◆ Task directions
Go to the line with "سپیل در خلخال" in the records below, then output it and each following line exactly, up to and including the line with "First device +". Skip pictures and add nothing.

◆ Dataset
______

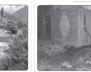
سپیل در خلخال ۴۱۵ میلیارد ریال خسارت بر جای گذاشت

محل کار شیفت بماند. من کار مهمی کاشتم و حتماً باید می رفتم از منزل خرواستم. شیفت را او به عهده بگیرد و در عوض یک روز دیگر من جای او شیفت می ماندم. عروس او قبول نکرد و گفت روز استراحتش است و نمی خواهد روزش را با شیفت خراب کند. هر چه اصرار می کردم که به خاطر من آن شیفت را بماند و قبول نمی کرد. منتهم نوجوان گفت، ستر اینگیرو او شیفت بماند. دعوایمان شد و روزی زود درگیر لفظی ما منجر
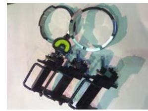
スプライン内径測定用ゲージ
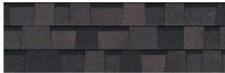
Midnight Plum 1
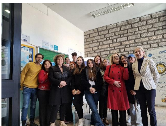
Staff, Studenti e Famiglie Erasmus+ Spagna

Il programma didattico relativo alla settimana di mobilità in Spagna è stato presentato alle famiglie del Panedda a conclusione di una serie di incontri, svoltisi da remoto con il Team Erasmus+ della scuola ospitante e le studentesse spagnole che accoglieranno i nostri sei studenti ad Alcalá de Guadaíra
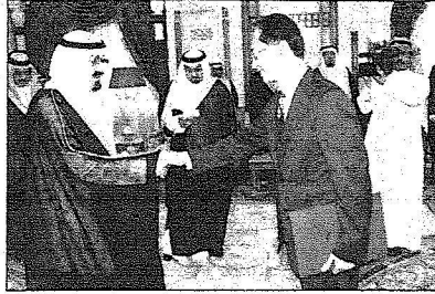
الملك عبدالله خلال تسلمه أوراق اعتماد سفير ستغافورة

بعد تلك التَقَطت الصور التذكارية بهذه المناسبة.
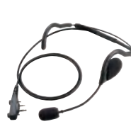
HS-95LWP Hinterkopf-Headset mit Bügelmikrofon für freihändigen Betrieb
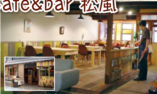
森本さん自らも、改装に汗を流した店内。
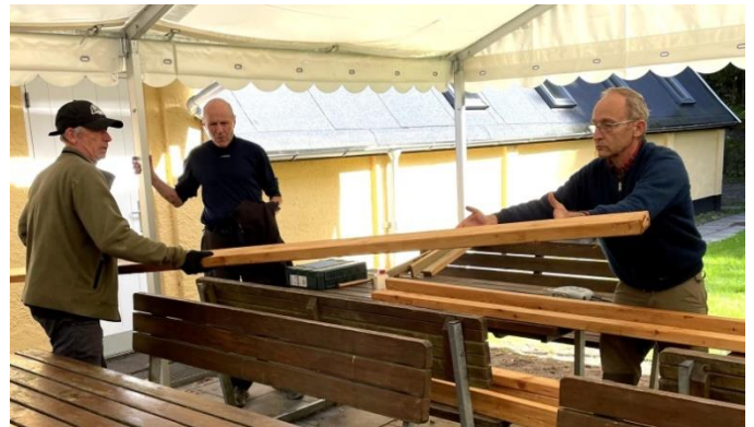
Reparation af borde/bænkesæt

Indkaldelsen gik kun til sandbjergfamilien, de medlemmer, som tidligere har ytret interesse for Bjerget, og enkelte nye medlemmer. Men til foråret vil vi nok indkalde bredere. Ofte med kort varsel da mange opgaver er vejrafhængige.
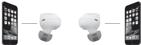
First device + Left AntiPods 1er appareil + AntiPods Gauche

______

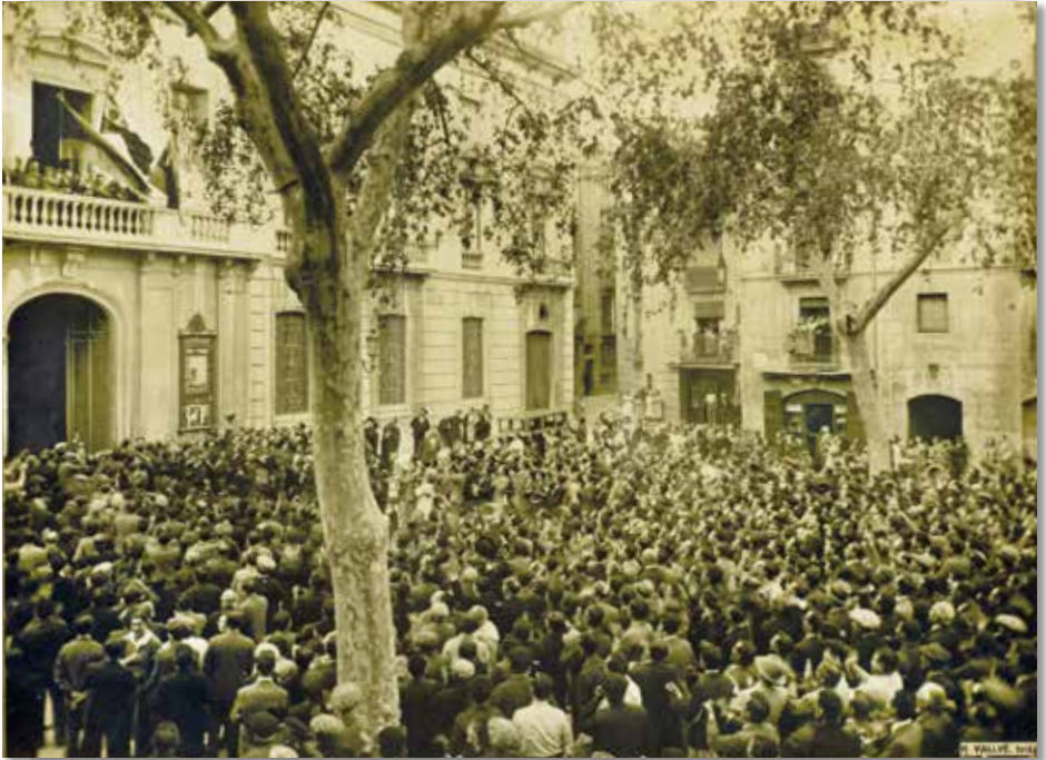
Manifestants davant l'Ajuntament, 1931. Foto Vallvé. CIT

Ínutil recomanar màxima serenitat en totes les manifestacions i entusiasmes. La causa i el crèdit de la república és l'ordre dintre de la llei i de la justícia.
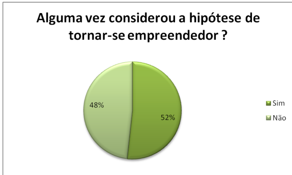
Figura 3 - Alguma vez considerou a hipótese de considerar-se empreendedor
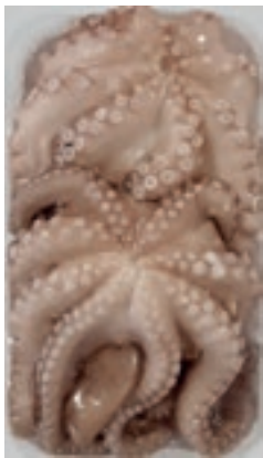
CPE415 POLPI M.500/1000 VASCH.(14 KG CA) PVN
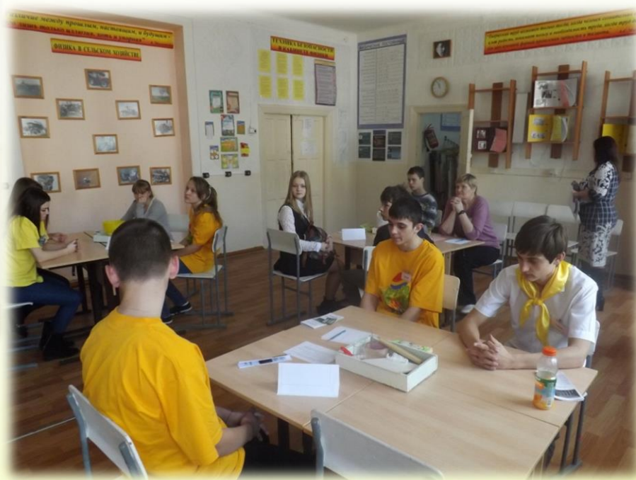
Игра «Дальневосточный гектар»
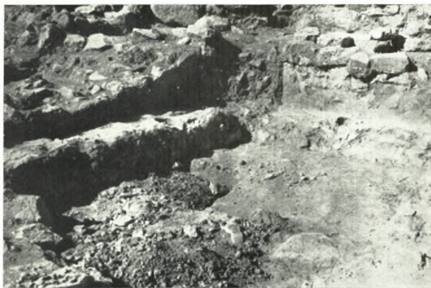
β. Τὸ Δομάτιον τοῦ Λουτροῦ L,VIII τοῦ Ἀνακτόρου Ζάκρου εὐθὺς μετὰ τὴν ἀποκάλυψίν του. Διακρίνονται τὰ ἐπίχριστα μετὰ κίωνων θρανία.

______

◆ Task solution
سپیل در خلخال ۴۱۵ میلیارد ریال خسارت بر جای گذاشت

محل کار شیفت بماند. من کار مهمی کاشتم و حتماً باید می رفتم از منزل خرواستم. شیفت را او به عهده بگیرد و در عوض یک روز دیگر من جای او شیفت می ماندم. عروس او قبول نکرد و گفت روز استراحتش است و نمی خواهد روزش را با شیفت خراب کند. هر چه اصرار می کردم که به خاطر من آن شیفت را بماند و قبول نمی کرد. منتهم نوجوان گفت، ستر اینگیرو او شیفت بماند. دعوایمان شد و روزی زود درگیر لفظی ما منجر
スプライン内径測定用ゲージ
Midnight Plum 1
Staff, Studenti e Famiglie Erasmus+ Spagna

Il programma didattico relativo alla settimana di mobilità in Spagna è stato presentato alle famiglie del Panedda a conclusione di una serie di incontri, svoltisi da remoto con il Team Erasmus+ della scuola ospitante e le studentesse spagnole che accoglieranno i nostri sei studenti ad Alcalá de Guadaíra
الملك عبدالله خلال تسلمه أوراق اعتماد سفير ستغافورة

بعد تلك التَقَطت الصور التذكارية بهذه المناسبة.
HS-95LWP Hinterkopf-Headset mit Bügelmikrofon für freihändigen Betrieb
森本さん自らも、改装に汗を流した店内。
Reparation af borde/bænkesæt

Indkaldelsen gik kun til sandbjergfamilien, de medlemmer, som tidligere har ytret interesse for Bjerget, og enkelte nye medlemmer. Men til foråret vil vi nok indkalde bredere. Ofte med kort varsel da mange opgaver er vejrafhængige.
First device + Left AntiPods 1er appareil + AntiPods Gauche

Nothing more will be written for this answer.